Suddenly, it has been 10 years.
That's an amazing realization when you remember how it was back then. Calendars still counted off days, our eyes told us this. Clocks still ticked off seconds; intellectually, we knew. But time -- I would have sworn this in a court of law -- did not move.
I remember, in those awful days of aftermath, asking my colleague Dave Barry, then the Miami Herald's humor columnist, if he thought he would ever write jokes again. "For the last week," he told me, "I haven't even tried to write anything funny, and for a while I thought maybe I never would, or should."
He had it, we all had it, that sense of being stuck, unable to find your way back to the life you had lived before. I wrote 10 columns in a row about the horror I had seen, the planes crashing, the lives lost, the buildings melting, the people covered in dust. Finally, I had to force myself to write a column about something else, had to force myself to care about something that was not terror. That lasted one column. Then I went right back to what was now the norm. I was all terror all the time.
Now, somehow, that moment is a decade past. In measuring the distance, perhaps it is enough to note that today's college freshman was a third grader then. Thus do the clock and the calendar do their work. Thus do today's terrors become tomorrow's memories. Thus does news become history.
And I find myself remembering how I used to torture ants as a child, the happy hours I spent flooding their nests with water, watching them grab their larvae and run for safety.
The thing that struck me, that earned my childish wonder and respect, was that they always came back. Destroy their world a hundred times, they would build it a hundred and one.
There is something of that in human beings. Indeed, it may be some of the best of what is in us. Call it stubbornness, call it resilience, call it faith, but we always defy the random cruelties of life, always dig ourselves out, bury our dead, mourn our losses, rebuild, find a way to move forward.
We did it when fire burned down Chicago, when an earthquake leveled San Francisco, when broken levees drowned New Orleans.
And we did it when terror astonished and devastated us on Sept. 11, 2001.

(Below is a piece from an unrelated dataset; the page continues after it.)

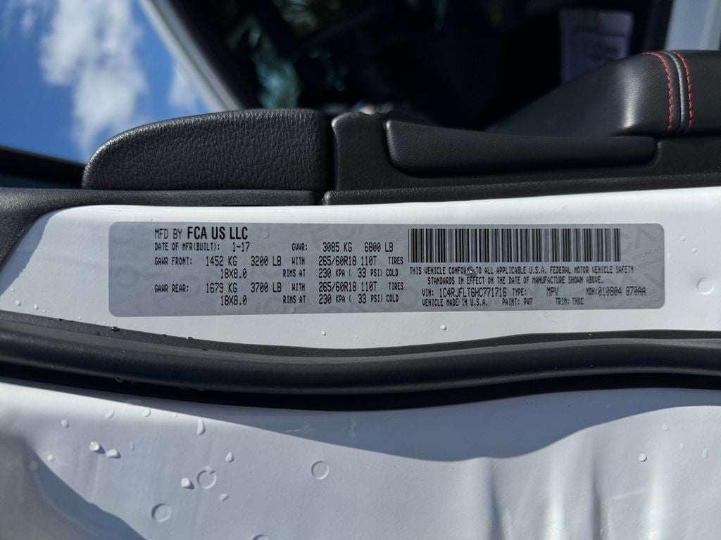 Take your driving experience to the next level with this 2017 Jeep Grand Cherokee Trailhawk 4x4, a rugged yet refined SUV built for both adventure and everyday comfortperfect for drivers in Jacksonville, St. Augustine, Orange Park, Fleming Island, and surrounding areas. Finished in Bright White Clear Coat with a bold Black and Ruby Red interior, this Trailhawk stands out with aggressive styling including red tow hooks, black hood decal, and off-road aluminum wheels. Under the hood, the powerful 5.7L HEMI V8 delivers serious performance, paired with an 8-speed automatic transmission for smooth, responsive driving both on and off the road. Equipped with Jeeps legendary Quadra-Drive II 4WD system, Quadra-Lift air suspension, and Selec-Terrain traction management, this Grand Cherokee is ready for anythingfrom beach driving in Northeast Florida to weekend trips beyond. Selec-Speed control and an electronic limited-slip differential give you confidence in any condition. Inside, comfort meets capability with leather and suede Trailhawk seating, heated and ventilated front seats, heated rear seats, and a heated steering wheel. Dual power seats with memory ensure a personalized driving experience every time you get behind the wheel. Technology is front and center with the Uconnect 8.4 system, featuring an 8.4-inch touchscreen, navigation, Bluetooth® connectivity, and premium audio with a 506-watt amplifier and subwoofer. Rear-seat entertainment with dual screens keeps passengers engaged on long drives. Safety is just as impressive, with advanced features including adaptive cruise control, forward collision warning, lane departure warning, blind spot monitoring, and park assist for added confidence in traffic and tight spaces. The dual-pane panoramic sunroof brings in natural light and fresh air, while additional upgrades like rain-sensing wipers, HID headlamps, and LED lighting enhance both visibility and style. If youre searching for a high-performance SUV in North Florida or South Georgiaincluding Kingsland, Daytona, Deland, or Tallahasseethis Grand Cherokee Trailhawk delivers capability, luxury, and power in one complete package. What truly sets us apart is our guest-centric approach and full transparency in every interaction. Your experience always comes first, and were committed to making your purchase simple, straightforward, and enjoyable., 4WD, #4 Seat Foam Cushion, Adaptive Cruise Control w/Stop, Advanced Brake Assist, Auto High Beam Headlamp Control, Automatic Headlamp Leveling System, Bi-Xenon High-Intensity Discharge Headlamps, Cargo Compartment Cover, Dual-Pane Panoramic Sunroof, Full Speed FWD Collision Warn Plus, GPS Navigation, Jeep Active Safety Group, Lane Departure Warning Plus, LED Daytime Running Headlamps, LED Fog Lamps, Parallel & Perp Park Assist w/Stop, Power Tilt/Telescope Steering Column, Quick Order Package 28J, Rain Sensitive Windshield Wipers, Trailhawk Leather Trim Seats w/Perf (DISC), Trailhawk Luxury Group (DISC).

Granted, we emerged from that crucible changed in ominous ways. We find ourselves at war on three fronts, government more secretive and invasive than it has been in years. We are running a prison beyond the reach of habeas corpus on the island of Cuba. The government may not let you fly and will not tell you why.

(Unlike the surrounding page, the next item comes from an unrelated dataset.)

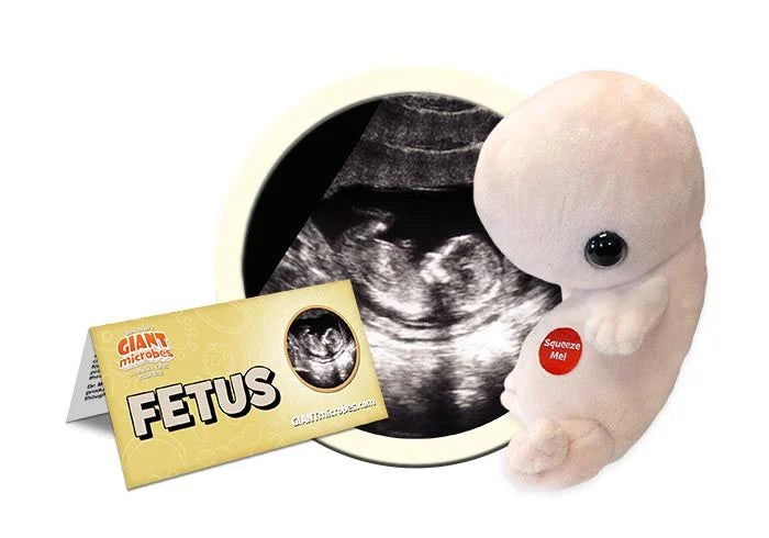 Squeeze the tummy of our fetus and see and hear its glowing little heart beat!

Yes, Osama bin Laden is dead, and experts tell us the terror group he led is weakened and may soon follow. But terrorism itself remains alive and well, as does a fervent bigotry against Muslims that has seeped into the mainstream of American political thought where it exhibits itself with a shamelessness that once would have been unthinkable.
So there is reason to be concerned at the place to which we have moved. But, having felt stuck inside a nightmare, I know there is also reason to be grateful we moved at all, that clock and calendar did their work and that there resides in us the stubborn resilience of ants.
It felt as if we might never go forward from that moment. But we did.